In the entries below, find the line with "2020 р. Ліва" and the line with "Our Beautiful Day"; copy them and every line between them exactly, but not the pictures.

- [Input records]:
· · · · · · ·

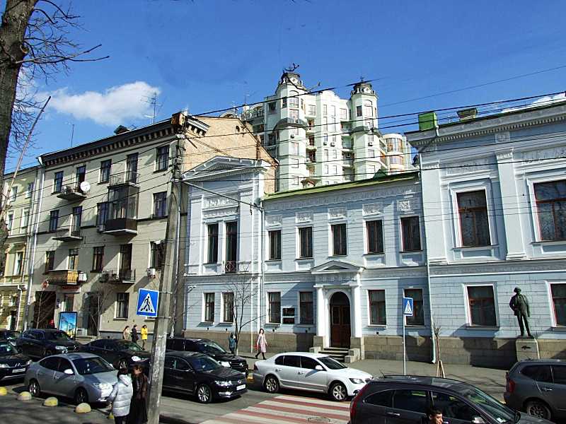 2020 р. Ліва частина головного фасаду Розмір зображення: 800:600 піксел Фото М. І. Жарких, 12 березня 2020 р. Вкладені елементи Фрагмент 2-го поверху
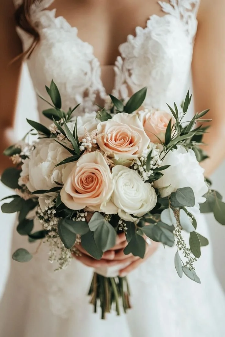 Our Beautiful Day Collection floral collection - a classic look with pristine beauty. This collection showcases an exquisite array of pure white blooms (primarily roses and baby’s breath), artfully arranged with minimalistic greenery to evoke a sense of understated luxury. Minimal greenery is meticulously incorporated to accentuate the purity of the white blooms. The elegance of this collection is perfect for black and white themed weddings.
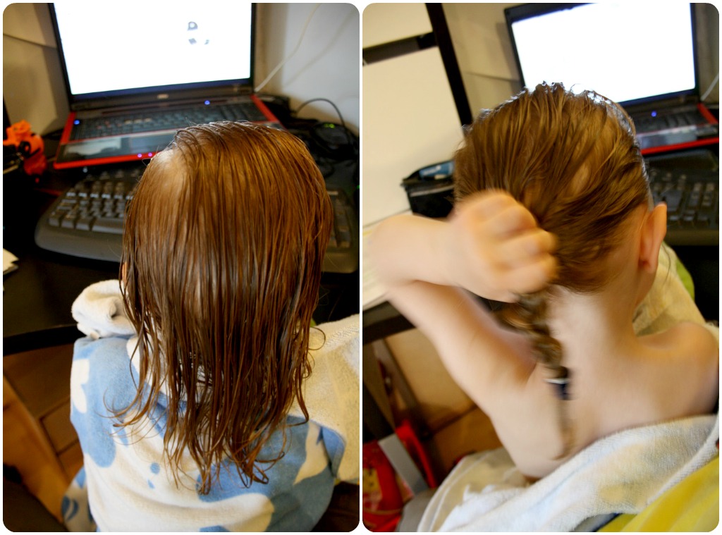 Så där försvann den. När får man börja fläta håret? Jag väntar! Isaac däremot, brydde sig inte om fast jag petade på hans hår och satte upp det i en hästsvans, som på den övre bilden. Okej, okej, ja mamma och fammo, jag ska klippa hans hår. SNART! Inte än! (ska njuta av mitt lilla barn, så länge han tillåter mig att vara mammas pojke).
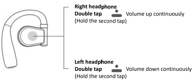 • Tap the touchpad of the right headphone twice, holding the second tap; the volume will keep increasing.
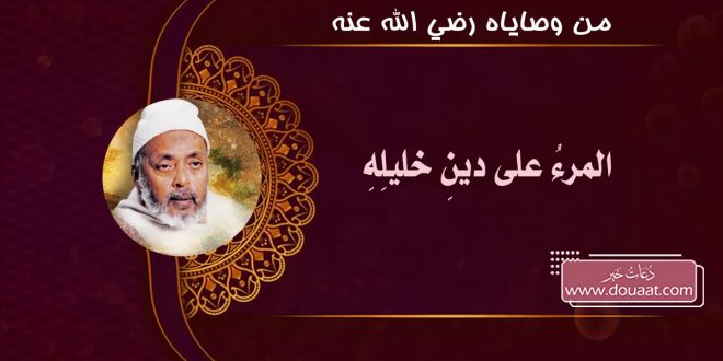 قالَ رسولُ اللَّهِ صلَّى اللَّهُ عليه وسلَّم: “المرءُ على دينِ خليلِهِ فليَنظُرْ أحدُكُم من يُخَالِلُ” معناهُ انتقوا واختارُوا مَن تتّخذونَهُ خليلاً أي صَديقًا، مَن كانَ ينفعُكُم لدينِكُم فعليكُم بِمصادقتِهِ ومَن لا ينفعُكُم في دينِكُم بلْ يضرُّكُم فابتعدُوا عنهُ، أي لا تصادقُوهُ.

· · · · · · ·

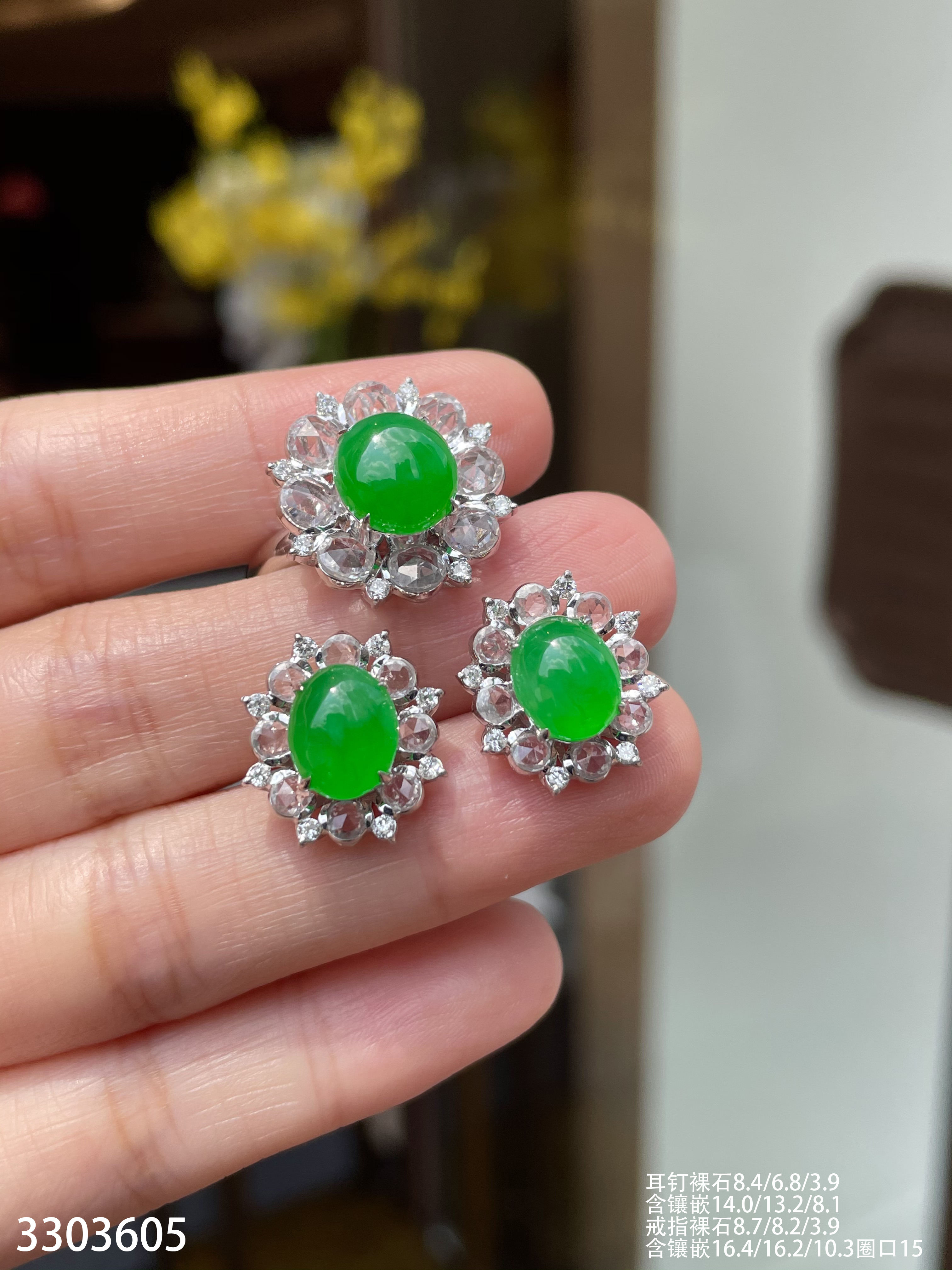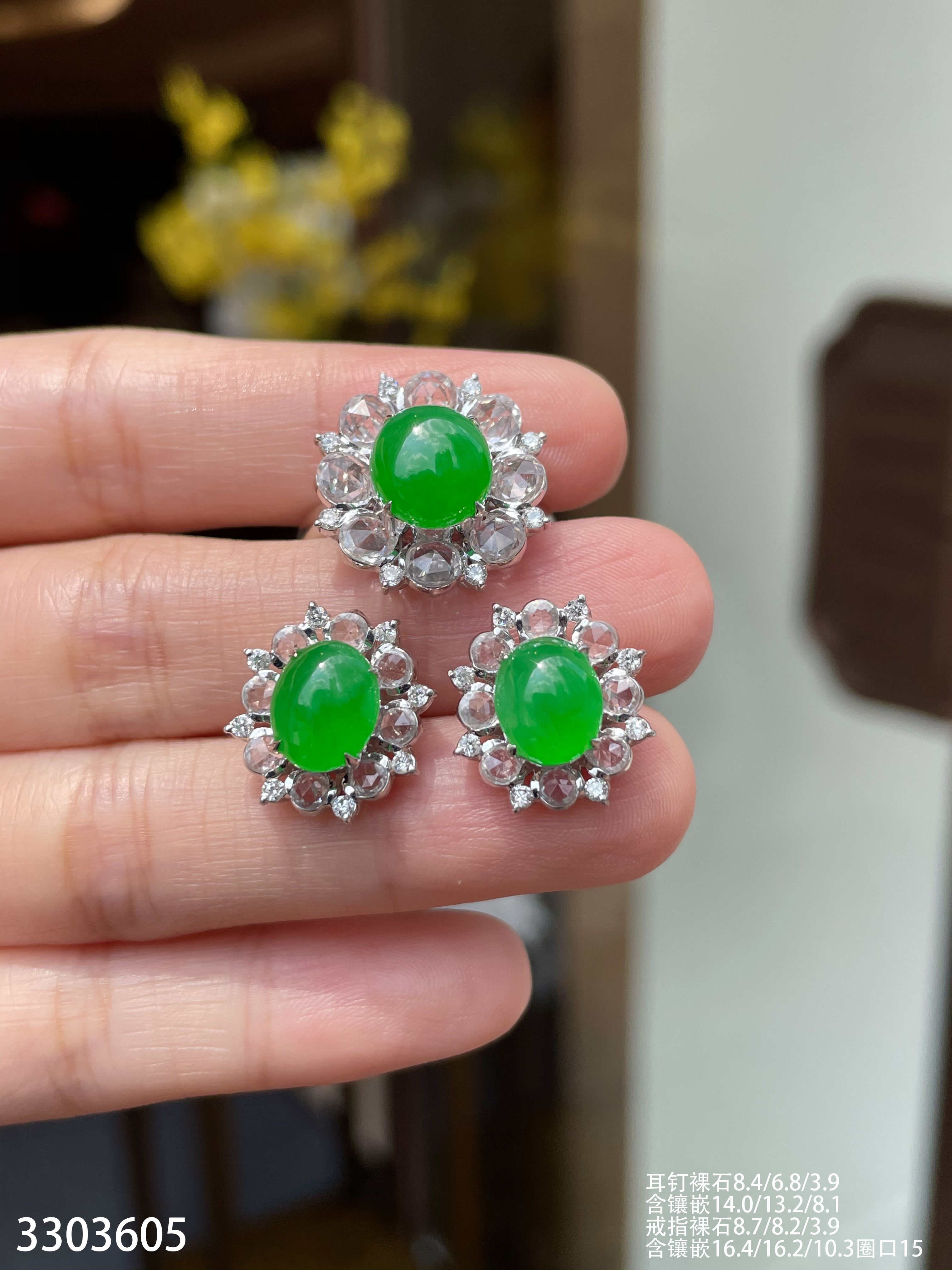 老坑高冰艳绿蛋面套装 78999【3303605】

· · · · · · ·

- [Response to this exercise]:
 2020 р. Ліва частина головного фасаду Розмір зображення: 800:600 піксел Фото М. І. Жарких, 12 березня 2020 р. Вкладені елементи Фрагмент 2-го поверху
 Our Beautiful Day Collection floral collection - a classic look with pristine beauty. This collection showcases an exquisite array of pure white blooms (primarily roses and baby’s breath), artfully arranged with minimalistic greenery to evoke a sense of understated luxury. Minimal greenery is meticulously incorporated to accentuate the purity of the white blooms. The elegance of this collection is perfect for black and white themed weddings.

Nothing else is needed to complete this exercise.